Spiked GBS: a unified, open platform for single marker genotyping and whole-genome profiling.

作者信息

Rife Trevor W, Wu Shuangye, Bowden Robert L, Poland Jesse A

机构信息

Interdepartmental Genetics, Kansas State University, 4024 Throckmorton Hall, Manhattan, KS, 66506, USA.

Wheat Genetics Resource Center, Department of Plant Pathology, Kansas State University, 4024 Throckmorton Hall, Manhattan, KS, 66506, USA.

出版信息

BMC Genomics. 2015 Mar 28;16(1):248. doi: 10.1186/s12864-015-1404-9.

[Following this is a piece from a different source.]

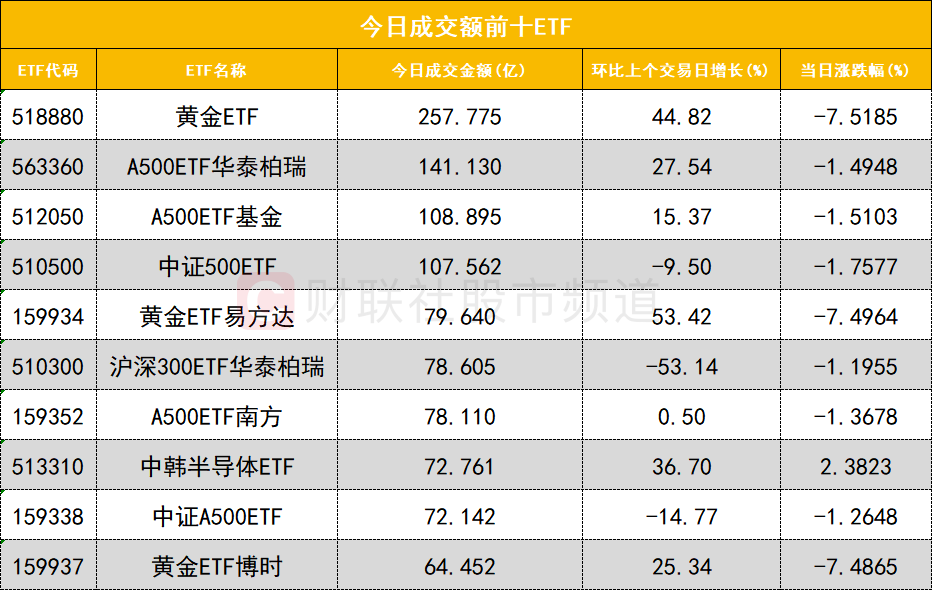 从成交额前十的ETF来看,黄金ETF(518880)成交额位居首位,A500ETF华泰柏瑞(563360)成交额位居次席。

DOI:10.1186/s12864-015-1404-9
PMID:25880848
原文链接:https://pmc.ncbi.nlm.nih.gov/articles/PMC4404221/
Abstract

BACKGROUND

In plant breeding, there are two primary applications for DNA markers in selection: 1) selection of known genes using a single marker assay (marker-assisted selection; MAS); and 2) whole-genome profiling and prediction (genomic selection; GS). Typically, marker platforms have addressed only one of these objectives.

RESULTS

We have developed spiked genotyping-by-sequencing (sGBS), which combines targeted amplicon sequencing with reduced representation genotyping-by-sequencing. To minimize the cost of targeted assays, we utilize a small percent of sequencing capacity available in runs of GBS libraries to "spike" amplified targets of a priori alleles tagged with a different set of unique barcodes. This open platform allows multiple, single-target loci to be assayed while simultaneously generating a whole-genome profile. This dual-genotyping approach allows different sets of samples to be evaluated for single markers or whole genome-profiling. Here, we report the application of sGBS on a winter wheat panel that was screened for converted KASP markers and newly-designed markers targeting known polymorphisms in the leaf rust resistance gene Lr34.

CONCLUSIONS

The flexibility and low-cost of sGBS will enable a range of applications across genetics research. Specifically in breeding applications, the sGBS approach will allow breeders to obtain a whole-genome profile of important individuals while simultaneously targeting specific genes for a range of selection strategies across the breeding program.

摘要

背景

在植物育种中,DNA标记在选择方面有两个主要应用:1)使用单标记分析(标记辅助选择;MAS)选择已知基因;2)全基因组分析和预测(基因组选择;GS)。通常,标记平台仅针对其中一个目标。

结果

我们开发了加标测序基因分型(sGBS),它将靶向扩增子测序与简化代表性测序基因分型相结合。为了尽量降低靶向分析的成本,我们在GBS文库的测序运行中利用一小部分可用测序能力来“加标”带有不同独特条形码集的先验等位基因的扩增靶标。这个开放平台允许同时检测多个单靶点位点,同时生成全基因组图谱。这种双重基因分型方法允许对不同样本集进行单标记评估或全基因组分析。在此,我们报告了sGBS在一个冬小麦群体上的应用,该群体针对转化的KASP标记以及针对叶锈病抗性基因Lr34中已知多态性的新设计标记进行了筛选。

结论

sGBS的灵活性和低成本将使其在遗传学研究中有一系列应用。特别是在育种应用中,sGBS方法将使育种者能够获得重要个体的全基因组图谱,同时针对育种计划中的一系列选择策略靶向特定基因。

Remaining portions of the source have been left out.